**DATA EXCERPTS**

Content starts

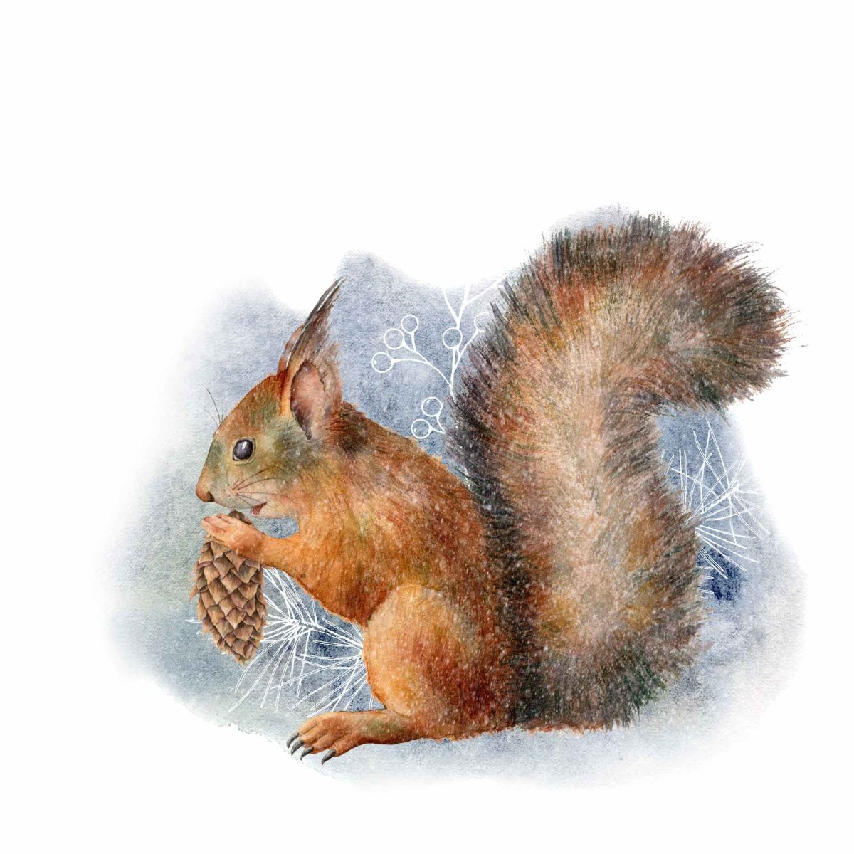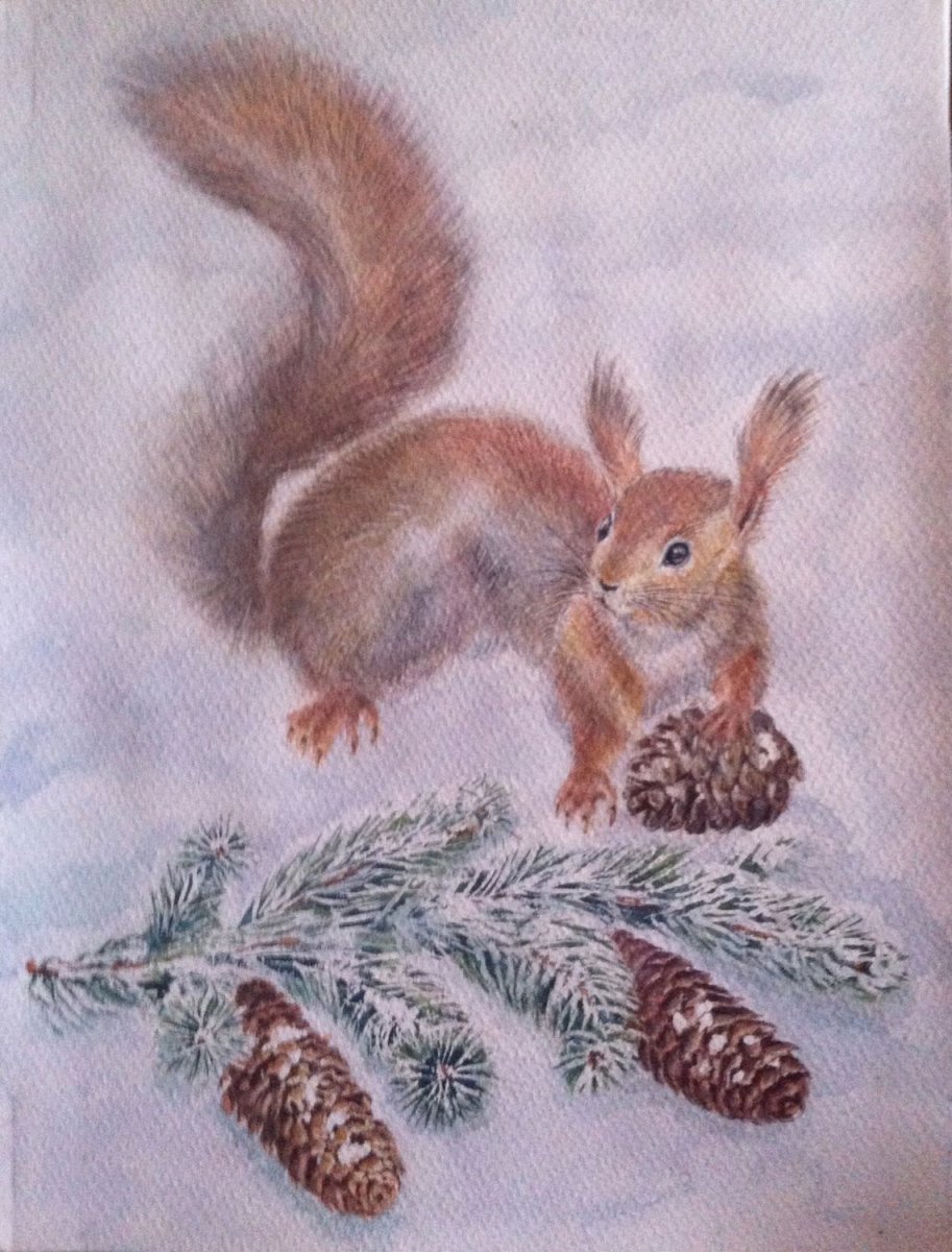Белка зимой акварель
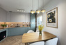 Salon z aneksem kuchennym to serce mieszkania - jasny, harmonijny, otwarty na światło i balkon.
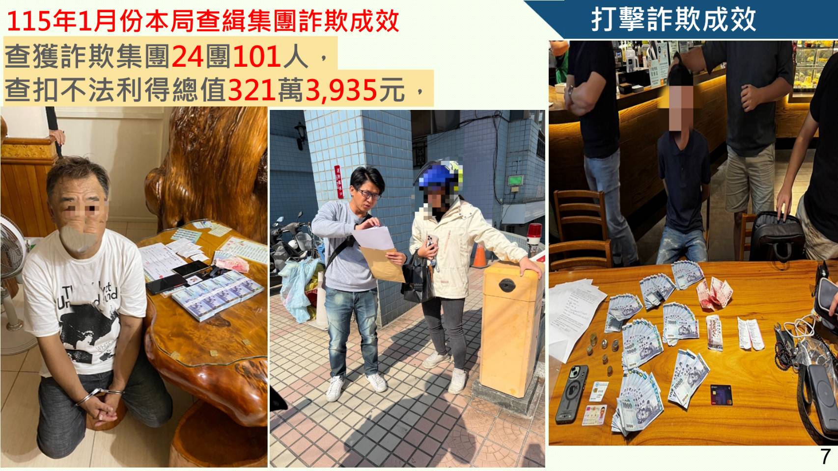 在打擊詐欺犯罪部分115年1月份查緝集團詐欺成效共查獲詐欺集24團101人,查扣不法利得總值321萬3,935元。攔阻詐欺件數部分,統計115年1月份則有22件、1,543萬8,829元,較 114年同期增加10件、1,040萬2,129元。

Content ends
Content starts

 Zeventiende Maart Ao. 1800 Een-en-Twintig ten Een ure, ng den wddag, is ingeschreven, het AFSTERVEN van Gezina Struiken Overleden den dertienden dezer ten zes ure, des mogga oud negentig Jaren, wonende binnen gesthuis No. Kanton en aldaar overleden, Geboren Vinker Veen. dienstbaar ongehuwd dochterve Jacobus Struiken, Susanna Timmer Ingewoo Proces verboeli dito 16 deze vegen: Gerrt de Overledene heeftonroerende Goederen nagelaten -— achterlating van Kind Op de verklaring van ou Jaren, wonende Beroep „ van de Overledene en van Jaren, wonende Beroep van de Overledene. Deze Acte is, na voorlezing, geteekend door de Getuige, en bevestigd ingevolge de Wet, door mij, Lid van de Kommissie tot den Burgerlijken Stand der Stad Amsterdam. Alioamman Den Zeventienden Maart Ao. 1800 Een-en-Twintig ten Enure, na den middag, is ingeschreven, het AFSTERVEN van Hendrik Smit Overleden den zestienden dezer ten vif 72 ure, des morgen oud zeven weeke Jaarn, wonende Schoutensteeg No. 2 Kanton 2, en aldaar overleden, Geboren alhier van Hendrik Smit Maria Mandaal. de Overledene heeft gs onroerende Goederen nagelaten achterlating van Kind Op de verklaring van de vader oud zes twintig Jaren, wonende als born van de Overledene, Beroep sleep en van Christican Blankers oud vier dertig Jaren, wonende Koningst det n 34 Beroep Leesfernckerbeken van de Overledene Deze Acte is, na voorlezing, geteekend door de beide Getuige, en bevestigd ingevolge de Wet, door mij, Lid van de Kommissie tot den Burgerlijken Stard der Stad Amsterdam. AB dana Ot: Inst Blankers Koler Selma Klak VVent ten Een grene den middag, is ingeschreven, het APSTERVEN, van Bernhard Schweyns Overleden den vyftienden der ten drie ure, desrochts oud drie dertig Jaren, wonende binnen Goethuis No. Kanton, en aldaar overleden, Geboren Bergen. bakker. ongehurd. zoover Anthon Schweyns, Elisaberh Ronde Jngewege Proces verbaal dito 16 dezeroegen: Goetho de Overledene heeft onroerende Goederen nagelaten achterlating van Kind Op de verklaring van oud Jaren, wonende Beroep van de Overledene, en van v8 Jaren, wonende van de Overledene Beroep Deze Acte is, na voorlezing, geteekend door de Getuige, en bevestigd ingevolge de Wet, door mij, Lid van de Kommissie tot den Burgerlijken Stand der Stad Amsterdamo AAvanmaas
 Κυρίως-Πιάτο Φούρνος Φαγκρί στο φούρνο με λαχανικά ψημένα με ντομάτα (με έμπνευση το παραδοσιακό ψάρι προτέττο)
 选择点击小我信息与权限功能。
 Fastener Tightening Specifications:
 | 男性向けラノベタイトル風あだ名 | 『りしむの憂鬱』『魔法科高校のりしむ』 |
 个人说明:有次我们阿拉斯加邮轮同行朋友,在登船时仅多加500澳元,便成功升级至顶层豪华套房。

Content ends

**PROBLEM REQUIREMENTS**
What is asked for is an exact copy of the lines above from the one containing "选择点击小我信息与权限功能。" through the one containing "个人说明:有次我们阿拉斯加邮", and only those.

**EXPECTED ANSWER**
 选择点击小我信息与权限功能。
 Fastener Tightening Specifications:
 | 男性向けラノベタイトル風あだ名 | 『りしむの憂鬱』『魔法科高校のりしむ』 |
 个人说明:有次我们阿拉斯加邮轮同行朋友,在登船时仅多加500澳元,便成功升级至顶层豪华套房。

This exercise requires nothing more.